Everything in the listing below from the line containing "925 Sterling zilveren" through the line containing "在刚刚落下帷幕的2020年山" must be repeated exactly; the remaining lines are not wanted.
----- EXERCISE DATA
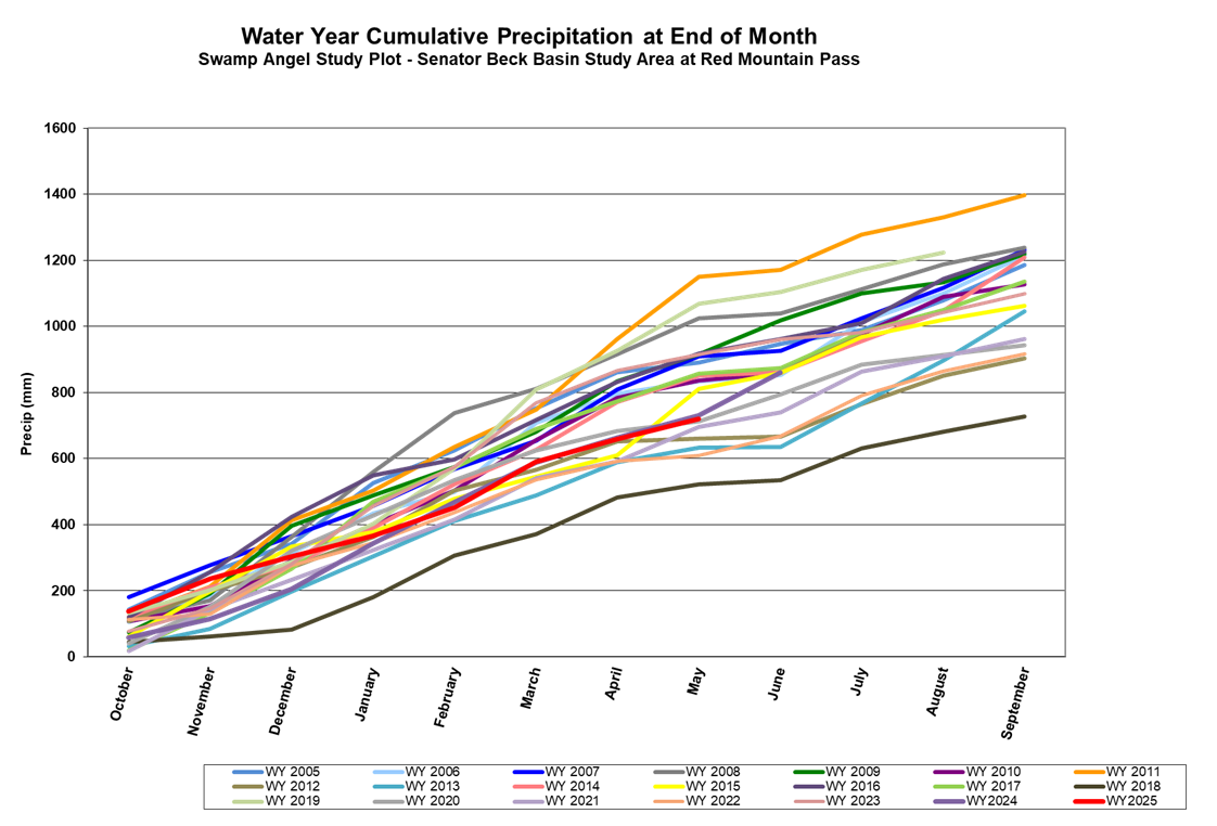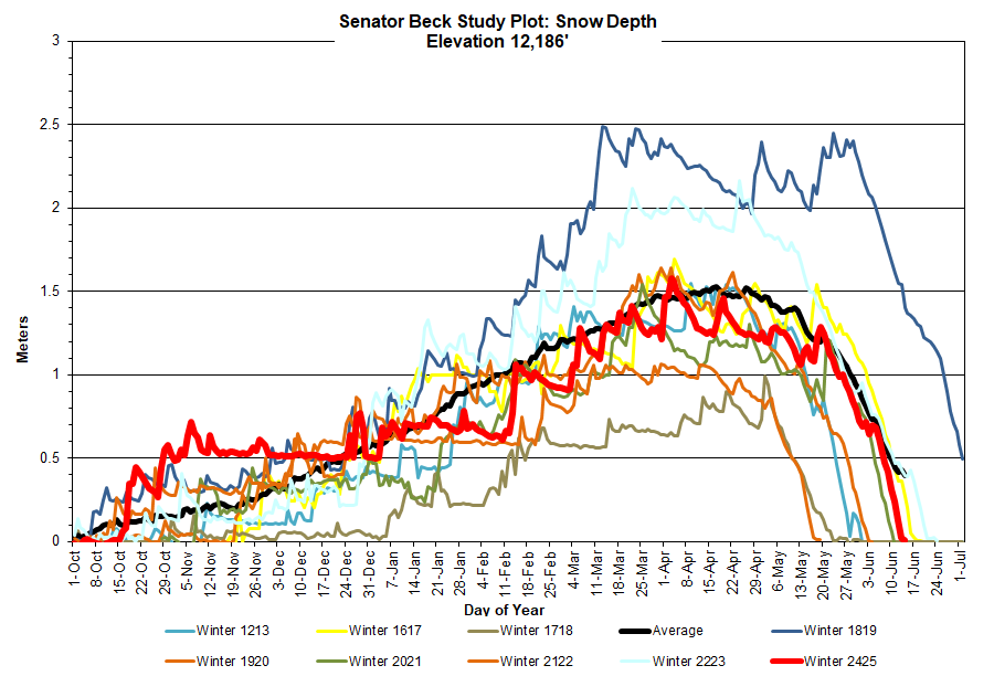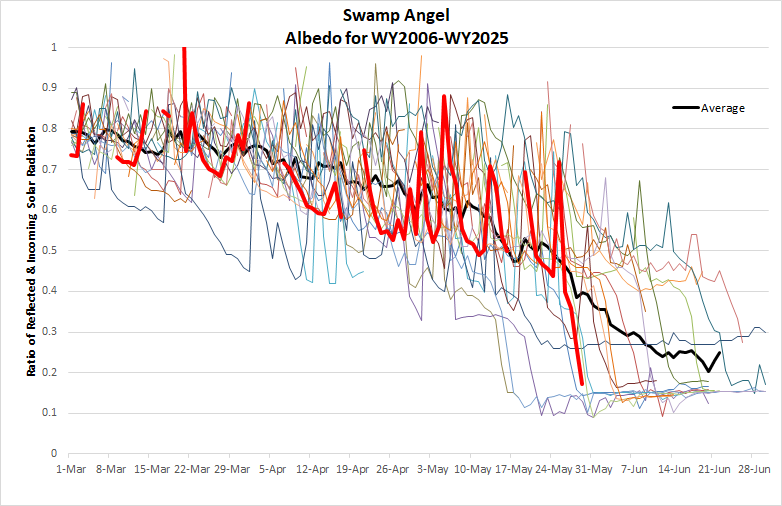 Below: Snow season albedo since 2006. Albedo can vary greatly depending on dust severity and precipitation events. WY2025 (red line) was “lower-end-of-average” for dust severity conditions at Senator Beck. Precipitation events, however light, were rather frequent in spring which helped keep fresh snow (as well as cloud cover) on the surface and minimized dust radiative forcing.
----------
----- EXERCISE DATA
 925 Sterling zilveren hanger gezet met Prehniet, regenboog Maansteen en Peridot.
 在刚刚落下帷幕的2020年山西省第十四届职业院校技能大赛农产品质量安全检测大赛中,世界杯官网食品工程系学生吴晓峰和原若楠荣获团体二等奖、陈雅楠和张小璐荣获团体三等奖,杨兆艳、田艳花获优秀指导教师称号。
----------
----- EXERCISE DATA
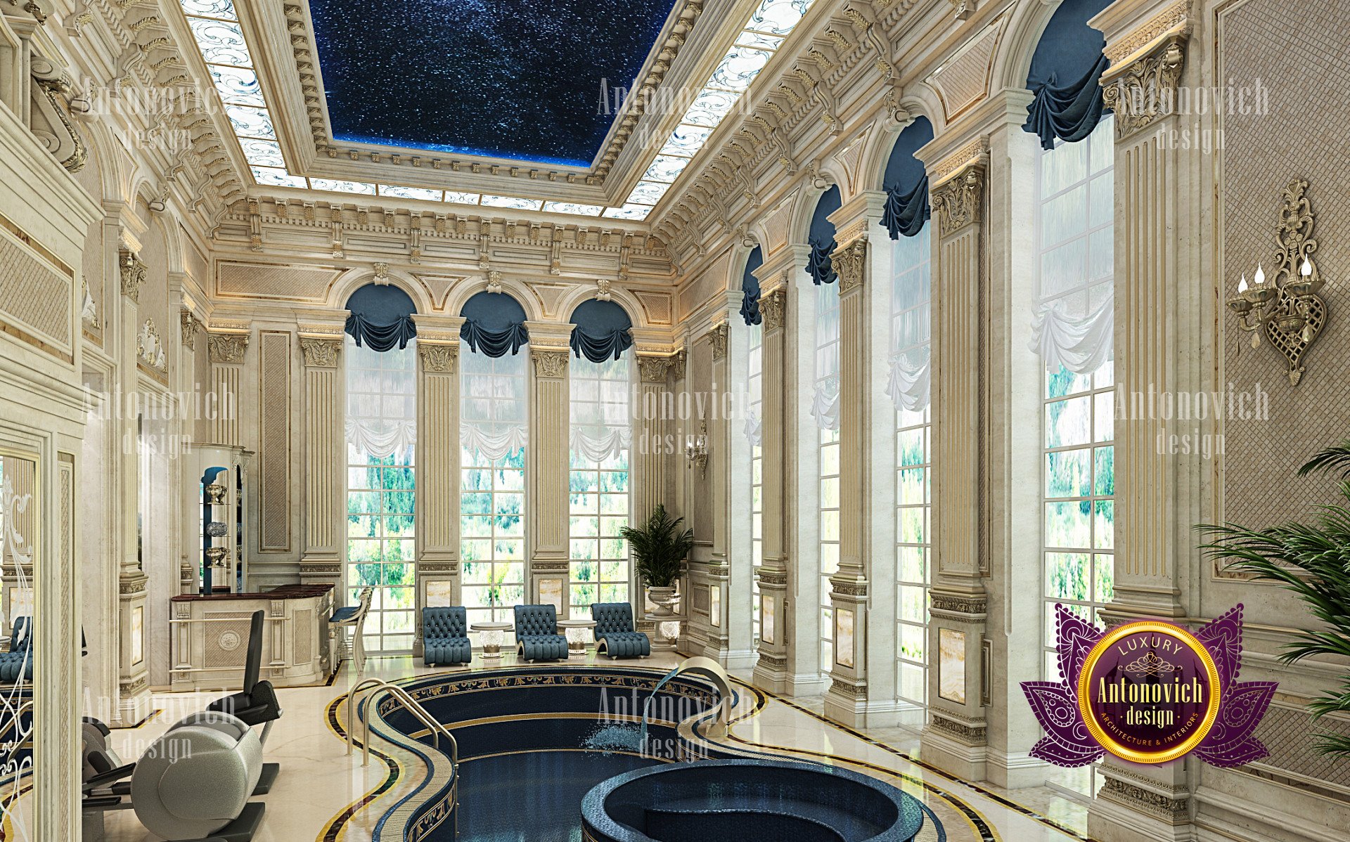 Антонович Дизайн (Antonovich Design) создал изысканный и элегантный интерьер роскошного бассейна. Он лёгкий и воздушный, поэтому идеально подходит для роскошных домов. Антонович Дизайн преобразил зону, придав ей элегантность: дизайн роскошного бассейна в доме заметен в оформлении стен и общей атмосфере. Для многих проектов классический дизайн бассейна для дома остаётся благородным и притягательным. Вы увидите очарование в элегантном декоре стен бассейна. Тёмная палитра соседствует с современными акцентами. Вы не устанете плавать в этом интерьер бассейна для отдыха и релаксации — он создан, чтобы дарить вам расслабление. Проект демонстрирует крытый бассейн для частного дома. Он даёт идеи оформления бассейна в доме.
----------
- **OUTPUT BELOW**
 925 Sterling zilveren hanger gezet met Prehniet, regenboog Maansteen en Peridot.
 在刚刚落下帷幕的2020年山西省第十四届职业院校技能大赛农产品质量安全检测大赛中,世界杯官网食品工程系学生吴晓峰和原若楠荣获团体二等奖、陈雅楠和张小璐荣获团体三等奖,杨兆艳、田艳花获优秀指导教师称号。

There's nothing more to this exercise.